Quelles problématiques
les innovations et interfaces numériques
posent-elles aujourd’hui ?
La période que nous vivons actuellement en 2023 est palpitante, excitante par les possibilités et progrès qu’elle ouvre, mais aussi peut désarçonner et quelque peu inquiéter, comme le montrent les derniers avis, cris d’alarmes et recommandations de l’ONU, de l’UNESCO et de l’OCDE depuis 2019. Il est tout de même raisonnable de reconnaitre que la transformation numérique et l’arrivée d’innovations d’IA offrent aux entreprises de nouvelles opportunités de marché et des avantages certains. Comme développer son
activité professionnelle, augmenter la rentabilité de l’entreprise, favoriser une expérience utilisateur d’une plus grande qualité par l’exploitation des données collectées, encourager les collaborations ou encore améliorer les communications en ciblant directement le public concerné.
Mais à l’heure du metaverse et des réalités virtuelles et augmentées qui s’immiscent dans notre vie quotidienne personnelle et professionnelle, à l’heure des robots humanoïdes et d’une nouvelle version d’intelligence artificielle (IA) conversationnelle comme ChatGPT, encore plus performante que celle de novembre 2022, à l’heure des neurotechnologies non invasives et des algorithmes de plus en plus puissants, qui va prendre le pouvoir sur l’homme ? Cette question quelque peu décalée et osée reflète pourtant l’ampleur des questionnements sous-jacents aux innovations et aux interfaces numériques. Car la vitesse à laquelle ces innovations se déploient maintenant représente un risque pour la démocratie, pour de nombreux emplois, et pourrait aggraver les inégalités entre les individus, les pays et les cultures.
Il devient évident que le monde d’après, que nous imaginions en mars 2020, lors du premier confinement de la crise sanitaire de la Covid-19, sera celui de la data, de l’IA, des neurosciences et des neurotechnologies, donc de l’innovation numérique et technologique. Mais ce monde d’après gardera-t-il une âme humaine ? Quel impact cela aura-t-il sur l’espèce humaine, sur chacun des êtres humains ? Que signifie être « un être humain » au temps des interfaces numériques, des neurosciences et de l’IA ?
Dans un contexte international sous haute tension, l’OCDE a adopté, en mars 2023, une recommandation sur les enjeux de l’identité numérique (OECD, 2023), reconnaissant que ce système pourrait simplifier les interactions, permettre la personnalisation des services, et réduire le risque d’erreur et de fraude. Ce positionnement d’ouverture est intéressant, car il oblige à se poser d’autres questions mettant l’éthique au centre de tout le système.

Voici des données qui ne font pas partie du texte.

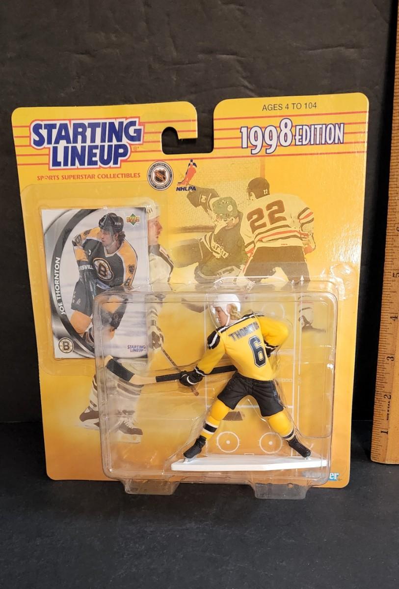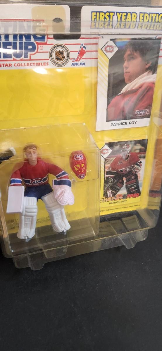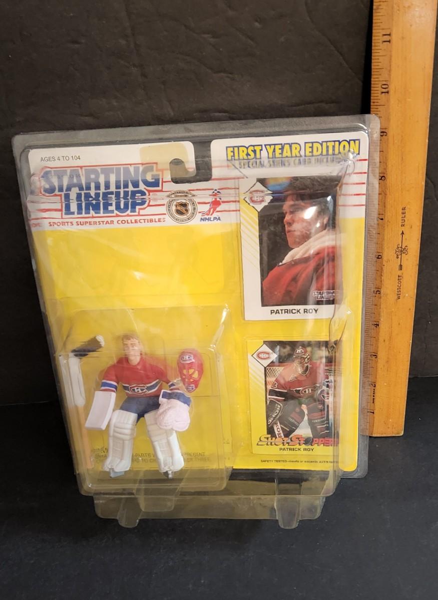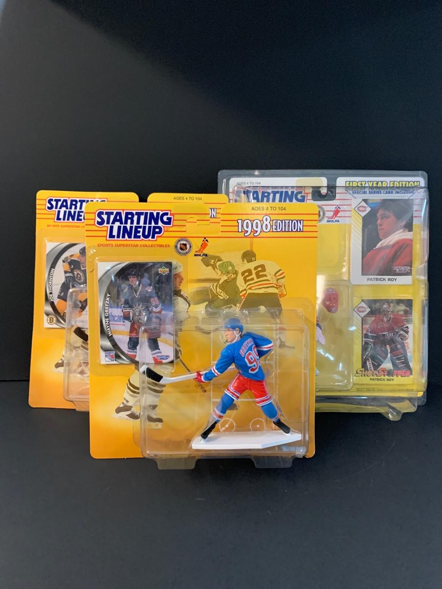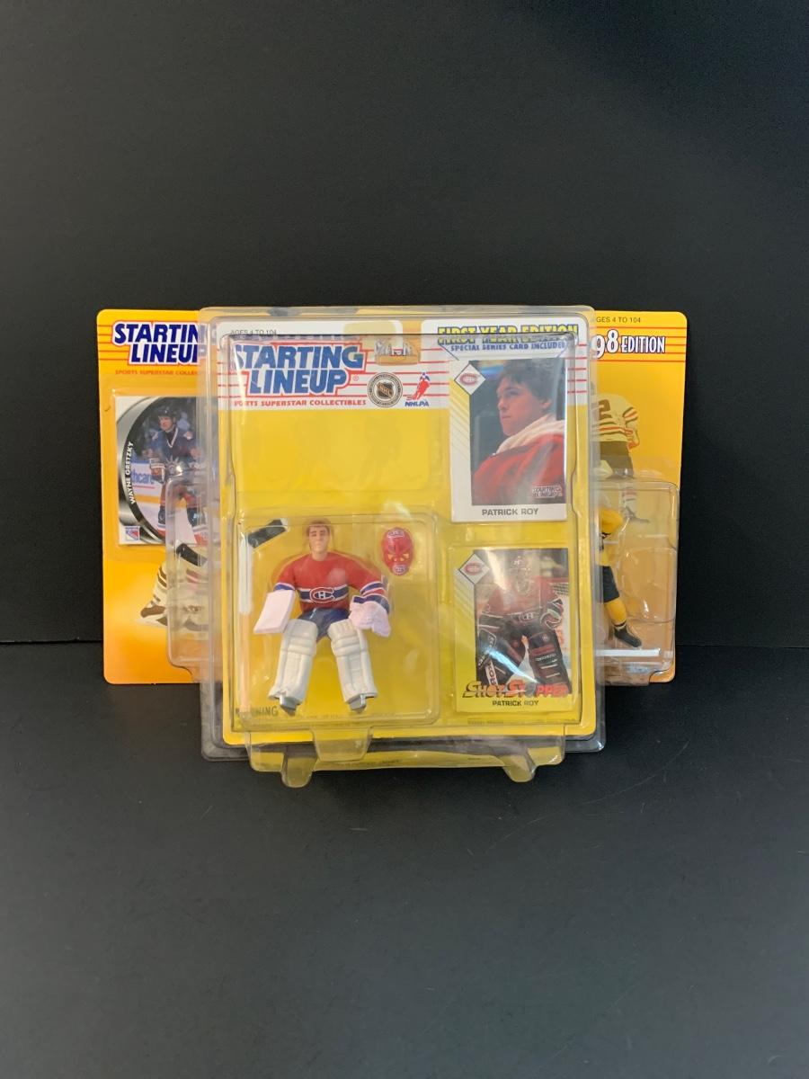 LOT 11J: Vintage Starting Line-up NHL Figures: Patrick Roy, Ed. Joe Thornton, Wayne Gretzky

Comment construire un monde respectueux de la vie humaine et de l’être humain, alors que les nouvelles technologies investissent massivement tous les champs de nos vies ? Quelles questions éthiques aussi vastes qu’exigeantes, les entreprises, les chercheurs, les dirigeants, les citoyens vont-ils être amenés à se poser, les invitant immédiatement à réfléchir aux enjeux de responsabilité, d’intégrité et de dignité humaine, d’autonomie, de bienfaisance ?
Le développement d’outils numériques très miniaturisés et plus puissants, facilite l’émergence de l’intelligence artificielle, l’expansion d’algorithmes, et leur convergence avec les progrès des neurosciences. Miniaturiser ces technologies ouvre des possibilités d’innovations, permettant à l’IA de prendre l’ampleur. Ces interfaces numériques et technologiques offrent un champ des possibles quant aux usages dans tous les domaines de la société : comme la recherche, la médecine et la santé humaine (Silva, 2018 ; Rainey et
Erden, 2020 ; Surianarayanan et al., 2023), mais aussi les jeux, la défense, le monde du travail, le recrutement, la finance, le marketing et le commerce, le luxe et le bien-être.
Les recherches progressent à une vitesse si vertigineuse, qu’elles rendent indispensables les réflexions sur les enjeux sociétaux, éthiques et légaux qu’elles soulèvent, ainsi que sur la conception interdisciplinaire de certifications, de normes, d’autorisations, de systèmes d’évaluation, de surveillance et de cadres de gouvernance qui soient adaptés aux valeurs sociologiques, éthiques et juridiques de la France et de l’Europe.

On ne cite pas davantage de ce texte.